Monday, March 26, 2007

1B1 B Gone T-Shirt Party Pics


I've posted a photo album from the pictures Rhonda took at the 1B1 B Gone T shirt Party last Friday evening. Here's the url: http://picasaweb.google.com/scrow595/1B1GoneTShirtParty. Email me if you have any trouble accessing the site. The pictures turned out great. Thanks Rhonda!

Saturday, March 24, 2007

Counting Down





This past week marked the midpoint for my chemotherapy and radiation sessions. My white blood cell count is still in the low-normal range so we are good to go for Monday. Instead of one more treatment I am looking at the remainder of sessions as one less treatment. Sort of the is the glass half full or half empty analogy. I remind myself often that my current situation is time limited and that before long I will be back at work and back on my bike riding to the Rooster Cafe in Jones.



Many thanks to everyone who came to the house Friday evening wearing their 1B1 B Gone t-shirts. I think there were about 55 people. Unbelievable! Your show of support and love is far beyond anything I could have ever imagined and beyond anything I deserve. Your positive thoughts and prayers have had a significant impact on my outlook and have greatly influenced my recovery process from the surgery as well as the cancer treatments.






Wednesday, March 21, 2007

Visit to the Doctor


Today was my first follow up appointment with my oncologist since I left the hospital. All went very well. She said I looked great and that she couldn't have asked for better improvement. I was given permission to drive (when I'm not on any narcotics), lift weights (no more than 10 pounds), and get back on my bike when I felt like it. All this was great news.
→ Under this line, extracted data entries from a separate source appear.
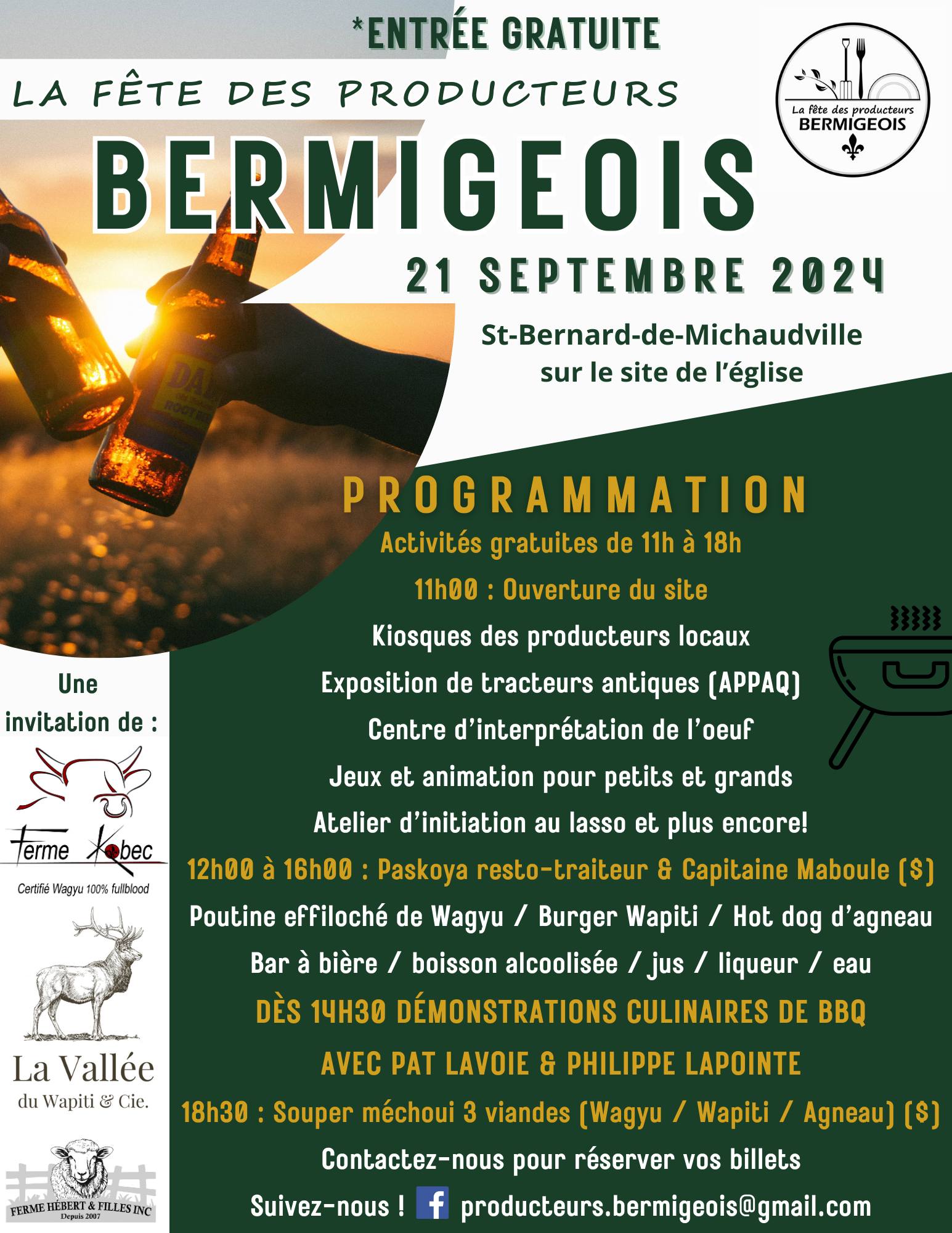 Communiquez avec La fête des producteurs bermigeois pour plus d'infos ou pour réserver vos billets du souper.
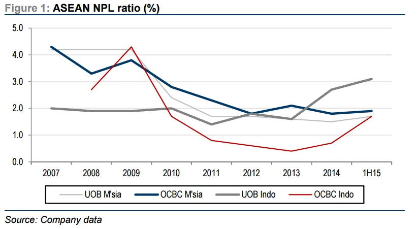 OCBC’s Malaysia non-performing loans (NPLs) rose 10% on a quarter-on-quarter basis, while Indonesian NPLS surged by a staggering 139% quarter-on-quarter.
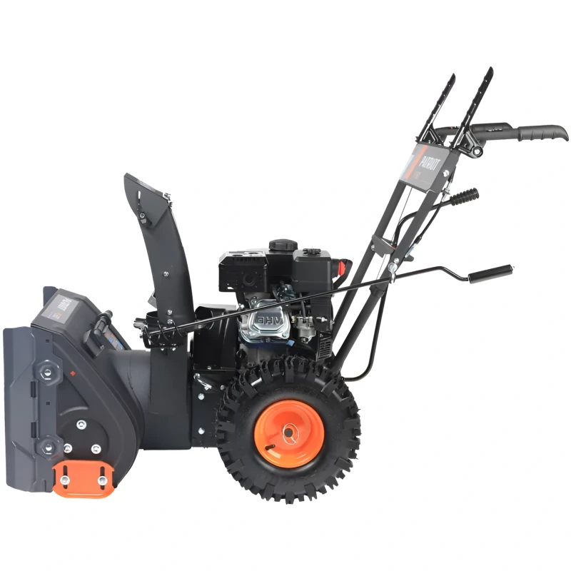 Оборудование подходит для использования на участках с неровной поверхностью. Показатели высоты и ширины захвата гарантируют, что за один ход снегоуборочная машина обработает достаточную площадь. Благодаря этому повышается скорость проведения работ. Элементы управления находятся на рукоятках.
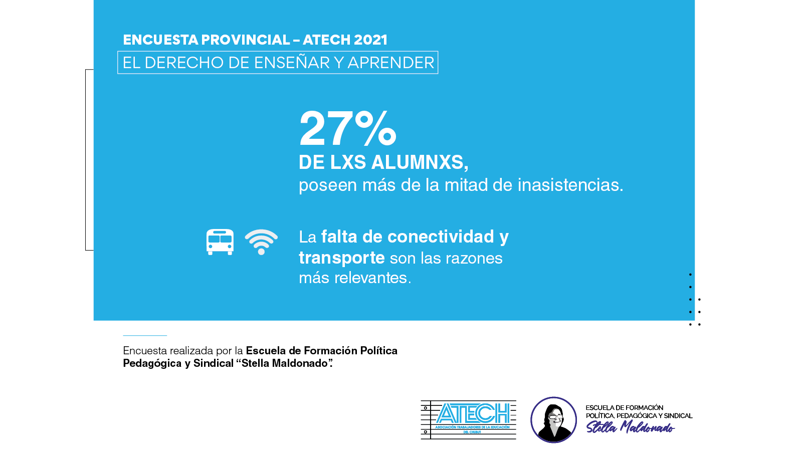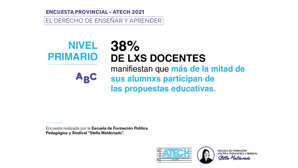 Desde la Escuela de Formación Política Pedagógica y Sindical “Stella Maldonado” realizamos durante la primer quincena de julio de 2021, una encuesta que nos permite conocer en números la situación de nuestrxs alumnxs en su derecho a aprender.

I am halfway through with my chemotherapy sessions and after tomorrow, will be halfway through with my radiation treatments. No head hair loss yet, but that may still occur. I hope not, but won't be surprised if it happens. Diarrhea is still an issue but I'm drinking Gatorade to help replenish what I lose.


This photo is of baby Charlie who is visiting us for the week. Charlie's mom, Megan, is a student at Oklahoma State University, hoping to eventually go to medical school at OU.

Monday, March 19, 2007

What a differrence a day makes!


It's Monday afternoon and I am finishing up my last IV bag...a bag of fluid to wash the toxins out of my body. Go figure...didn't they just put those toxins in??? After that I'm headed over to the radiation oncology office for my 4 minutes of radiation treatment. Takes longer to get there than it does for the radiation!


The Vancomycin is working and I am feeling significantly better today than yesterday. It's amazing what a difference drugs and time can make in how one is feeling. At 2:00 yesterday I was having an emotional meltdown in the middle of the bathroom floor and by 6:00 yesterday I was eating a good sized dinner and feeling much improved. At 2:00 a.m. I was in the kitchen eating another meal! Which brings me to my next thought...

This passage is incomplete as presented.